> Data records
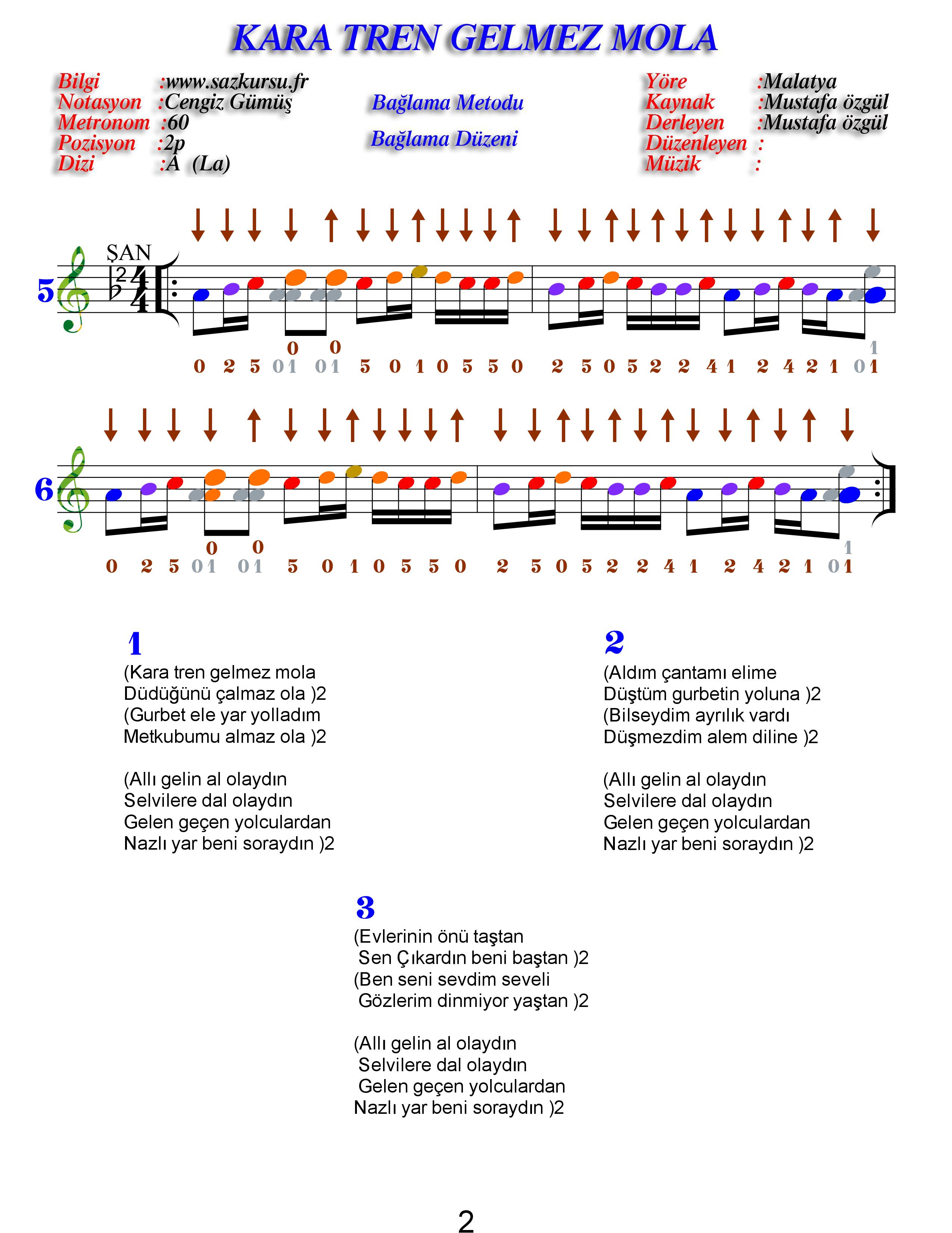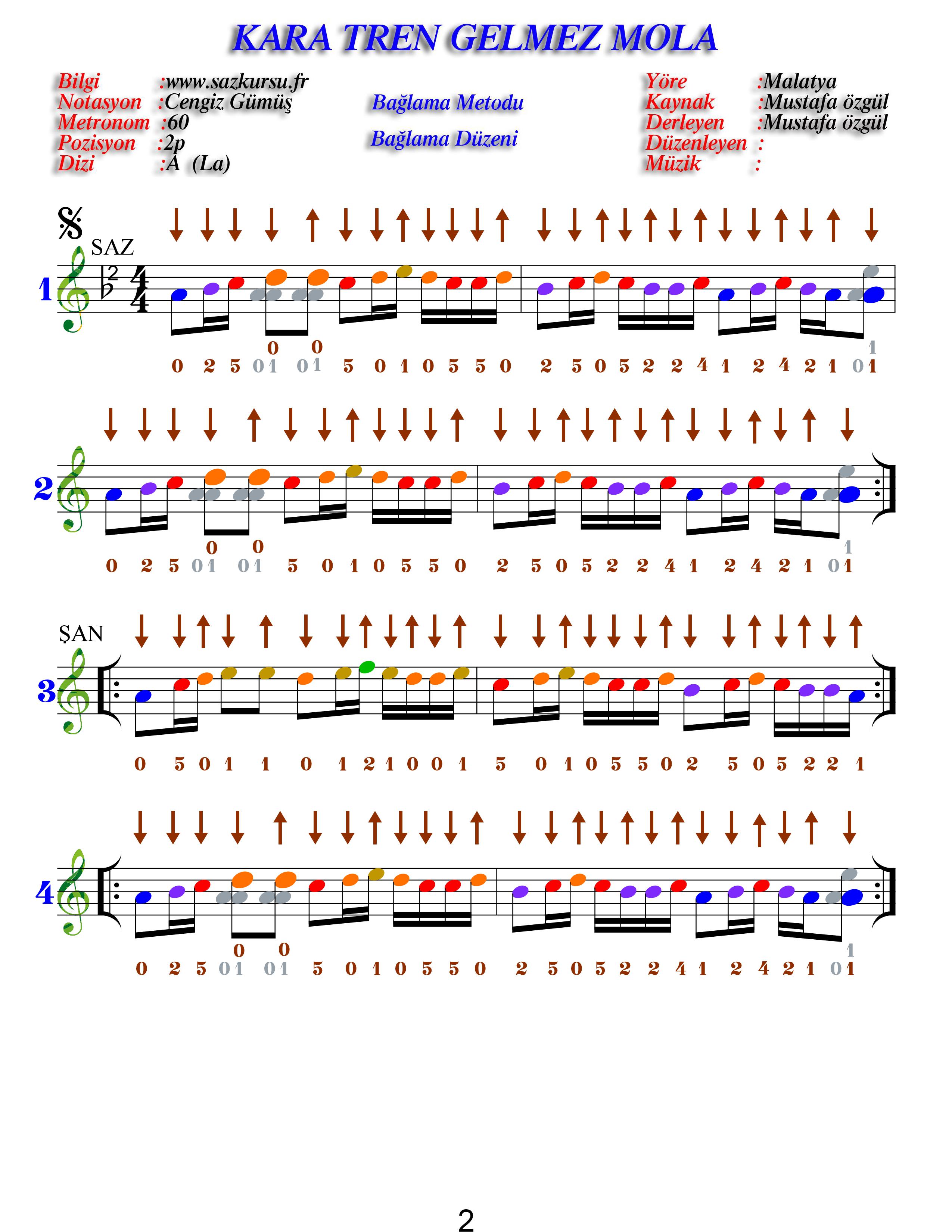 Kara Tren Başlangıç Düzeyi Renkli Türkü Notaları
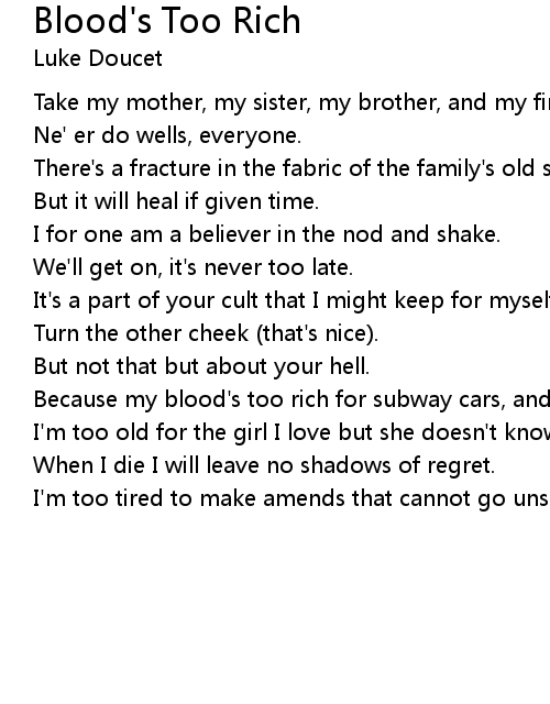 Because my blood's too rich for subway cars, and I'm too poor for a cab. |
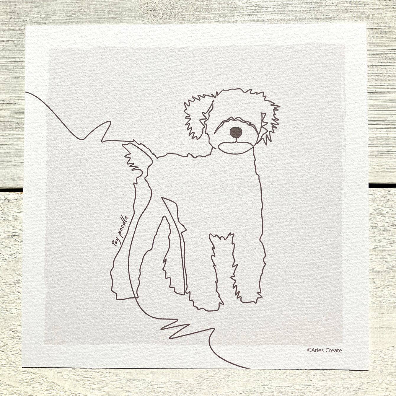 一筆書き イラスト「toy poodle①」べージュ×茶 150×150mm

...

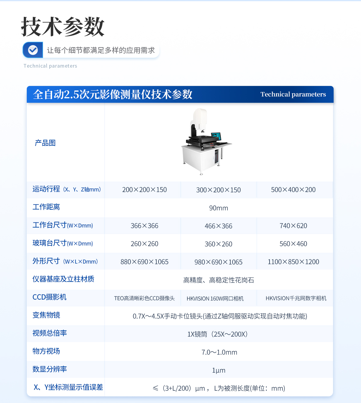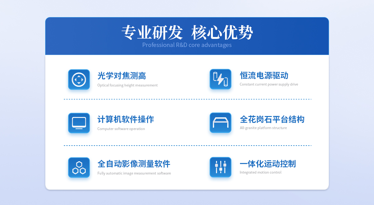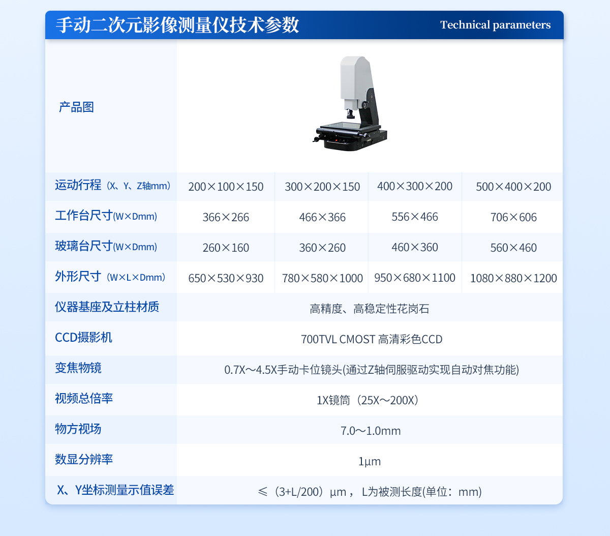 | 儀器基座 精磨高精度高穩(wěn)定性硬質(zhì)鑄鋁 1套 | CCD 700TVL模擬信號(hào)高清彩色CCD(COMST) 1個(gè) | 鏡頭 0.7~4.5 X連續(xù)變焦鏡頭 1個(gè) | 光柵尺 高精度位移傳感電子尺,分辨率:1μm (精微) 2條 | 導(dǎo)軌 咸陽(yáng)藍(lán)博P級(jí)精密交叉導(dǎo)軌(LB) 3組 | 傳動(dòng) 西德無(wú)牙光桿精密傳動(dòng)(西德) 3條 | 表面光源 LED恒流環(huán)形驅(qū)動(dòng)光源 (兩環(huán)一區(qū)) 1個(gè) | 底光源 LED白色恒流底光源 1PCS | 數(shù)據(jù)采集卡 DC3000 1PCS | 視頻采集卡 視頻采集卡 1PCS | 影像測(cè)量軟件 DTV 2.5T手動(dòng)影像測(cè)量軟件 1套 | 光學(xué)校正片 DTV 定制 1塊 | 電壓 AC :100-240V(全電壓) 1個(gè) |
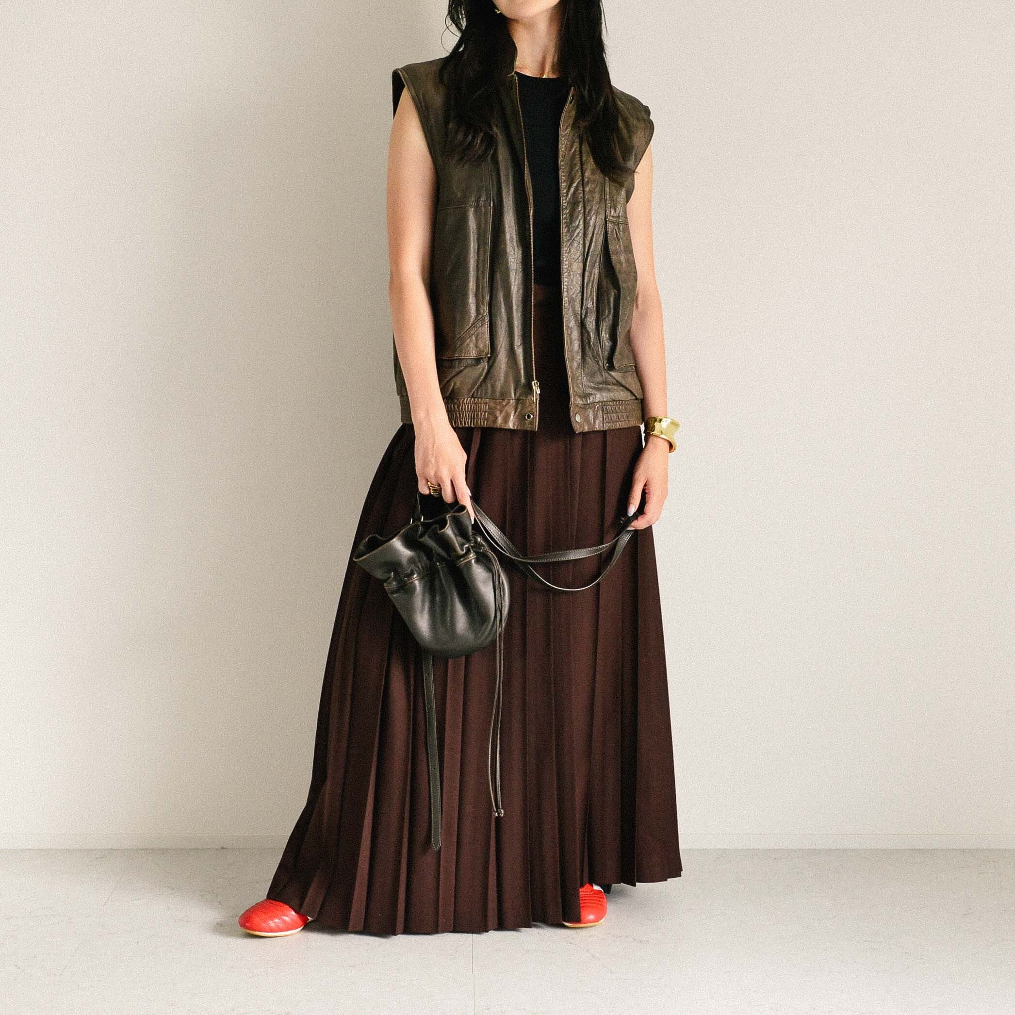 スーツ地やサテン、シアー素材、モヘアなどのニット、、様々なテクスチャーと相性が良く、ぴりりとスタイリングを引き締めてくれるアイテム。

...

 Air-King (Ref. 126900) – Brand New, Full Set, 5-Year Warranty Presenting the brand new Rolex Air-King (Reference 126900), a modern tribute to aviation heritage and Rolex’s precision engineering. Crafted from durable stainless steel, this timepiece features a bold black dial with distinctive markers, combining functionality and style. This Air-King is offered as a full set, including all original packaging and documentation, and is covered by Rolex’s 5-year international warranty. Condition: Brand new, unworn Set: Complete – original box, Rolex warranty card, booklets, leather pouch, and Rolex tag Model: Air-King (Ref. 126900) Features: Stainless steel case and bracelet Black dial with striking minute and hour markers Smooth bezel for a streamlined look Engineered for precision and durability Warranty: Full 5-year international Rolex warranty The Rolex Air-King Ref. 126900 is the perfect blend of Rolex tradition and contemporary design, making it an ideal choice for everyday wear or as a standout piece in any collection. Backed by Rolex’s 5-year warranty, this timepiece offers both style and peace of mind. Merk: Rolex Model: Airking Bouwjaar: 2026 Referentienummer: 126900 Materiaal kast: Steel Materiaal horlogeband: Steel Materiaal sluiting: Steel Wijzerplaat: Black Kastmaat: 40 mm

> Task to carry out
From the records above, copy exactly the stretch from the line holding "Kara Tren Başlangıç" through the line holding "一筆書き イラスト「toy poodle①」べージュ×茶 150×150mm", both ends included, without the pictures.

> Exercise result
 Kara Tren Başlangıç Düzeyi Renkli Türkü Notaları
 Because my blood's too rich for subway cars, and I'm too poor for a cab. |
 一筆書き イラスト「toy poodle①」べージュ×茶 150×150mm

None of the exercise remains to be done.